# Saltersgate



## kenyon100 (Dec 11, 2005)

I am looking for photographs of the MV Saltersgate built 1976 by Appledore shipbuilders and owned by Turnbull Scott. I sailed on her for nearly a year and although highly unreliable and would roll on wet grass, I had a great time on her, so good in fact that I never had a photo. If anyone has one I would be most grateful.


----------



## benjidog (Oct 27, 2005)

Kenyon,

Haven't you already asked this question on an earlier thread http://www.shipsnostalgia.com/showthread.php?t=4492

I can see you got no picture though.

Brian


----------



## kenyon100 (Dec 11, 2005)

Yes I did, But I'm still hoping.


----------



## Phill (Jun 17, 2005)

Bit of a poser this one, there was an older Saltergate, which was built with flight decks, but it might be worth emailing appledore them selves 
http://www.appledore-shipbuilders.co.uk/

Phill


----------



## Bob S (Jul 12, 2004)

I have a photo of SALTERSGATE but I show her as a 1969 build, is that the one?


----------



## Billy1963 (Jan 4, 2006)

FOTOFLITE have a picture of a ship by this name, unfortunately there is no jpg to see if it is the one you are after. If you contact the address below or email. They will send you a small jpg to see if it is the ship you require. 

FOTOFLITE
Norfolk Drive, Leacon Road
Ashford, Kent, TN23 4FB
UNITED KINGDOM

Tel: 01233 635556
Fax: 01233 635557 
E-mail: [email protected] 

Sailed on the Skeldegate, 1,599grt. She would roll in dry dock. Had some terrible bouts of seasickness on her through the Bay of Biscay and up in the Black Sea in winter.


----------



## sandman (Jun 11, 2005)

I don't think the saltersgate was built at appledore,the only . builds for turnbull scott in the yard was the southgate,sandgate,greenpark


----------



## kenyon100 (Dec 11, 2005)

Green Park was renamed Saltersgate in 1977, I have emailed appledore shipbuilders and await there reply. Thankyou for all your suggestions, much appreciated.


----------



## john miller (May 2, 2019)

I was AB on Saltersgate 1978-79.
She had 2 gantry cranes as I remember. And no bar!!
Joined in Antwerp, payed off in the Tyne.
I might have a pic somewhere.


----------



## Erimus (Feb 20, 2012)

Suggest you look on https://www.wrecksite.eu/wreck.aspx?143879

Under name of Anjana.

geoff


----------



## jg grant (Nov 22, 2007)

I was sent to the Saltersgate in about 1964. She was a Sam boat and was going out on the commy coast forever. I did an about turn back to Leith and that was the end of my sea going life.


----------



## GarethBurn (May 3, 2018)

https://www.shipsnostalgia.com/gallery/showphoto.php/photo/290999/title/saltersgate-outward-bound-in-the-high-cutting/cat/510


----------



## Tonywilson05 (Feb 28, 2021)

sandman said:


> I don't think the saltersgate was built at appledore,the only . builds for turnbull scott in the yard was the southgate,sandgate,greenpark


The Saltersgate was originally named Greenpark . I was the radio officer on her maiden voyage out of Appledore . We sailed up to Darlington to load Steel railway sleepers for Lagos , West Africa . Her design was intended for the Great Lakes and, yes she rolled like a pig !!


----------



## Tonywilson05 (Feb 28, 2021)

kenyon100 said:


> Green Park was renamed Saltersgate in 1977, I have emailed appledore shipbuilders and await there reply. Thankyou for all your suggestions, much appreciated.

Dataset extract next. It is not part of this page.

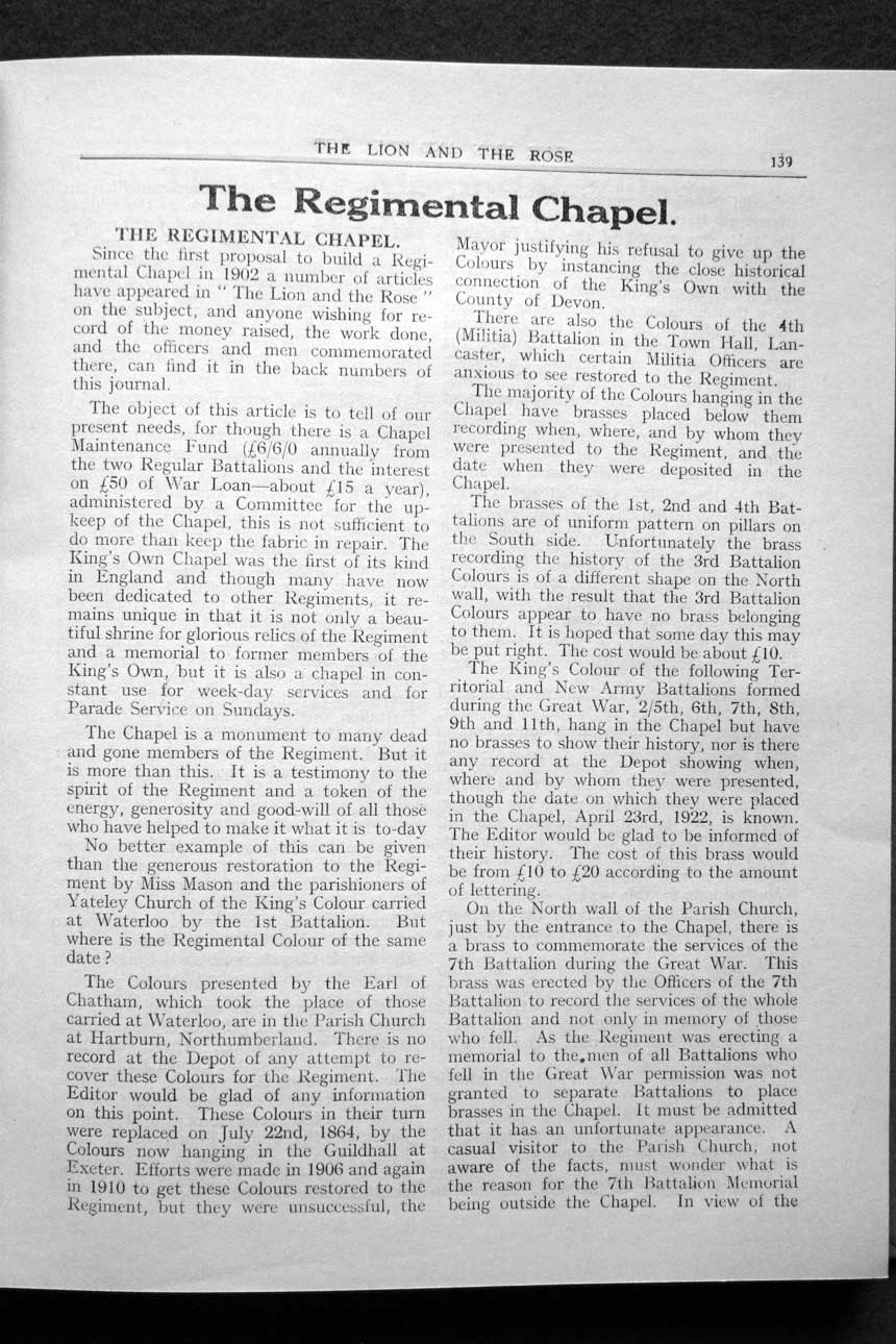 Collections - Publications The Lion and The Rose, The Regimental Journal Volume 15 - Number 4 - October 1927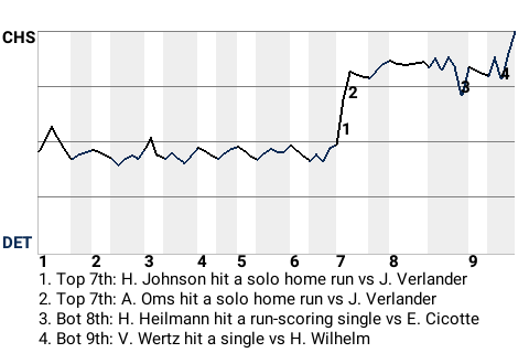 Heavy Johnson came through with a big-time hit for Chicago. The designated hitter smacked a solo home run in the top of the seventh inning to give his team the lead, 1-0. It was his only hit, but it was clutch.

I would appreciate a copy if you managed to get photo. I was Radio officer on her maiden voyage out of Appledore .


----------



## Pilot mac (Jun 28, 2005)

I believe she was the same hull as the Jebsen Appledore 'R' Class with modifications. She had a Mirrlees engine as opposed to a Pielstick, a strange gantry affair on deck and a modified bridge and accomodation layout. The Jebsen ships were designed for their Middle Trades but they were equipped with Goal Posts for the Lakes use. The Jebsen ships had Gun Clean hold washing and a massive eductor for hold bilges which I dont think Turnbulls went for.

regards
Dave


----------



## GarethBurn (May 3, 2018)

She was built 1976 as the *Green Park *at Appledore her name was changed to Saltersgate in 1977. Photo Courtesy of Turnbull Scott and Company by H S Appleyard (1978). See the notes under photo for full explanation


----------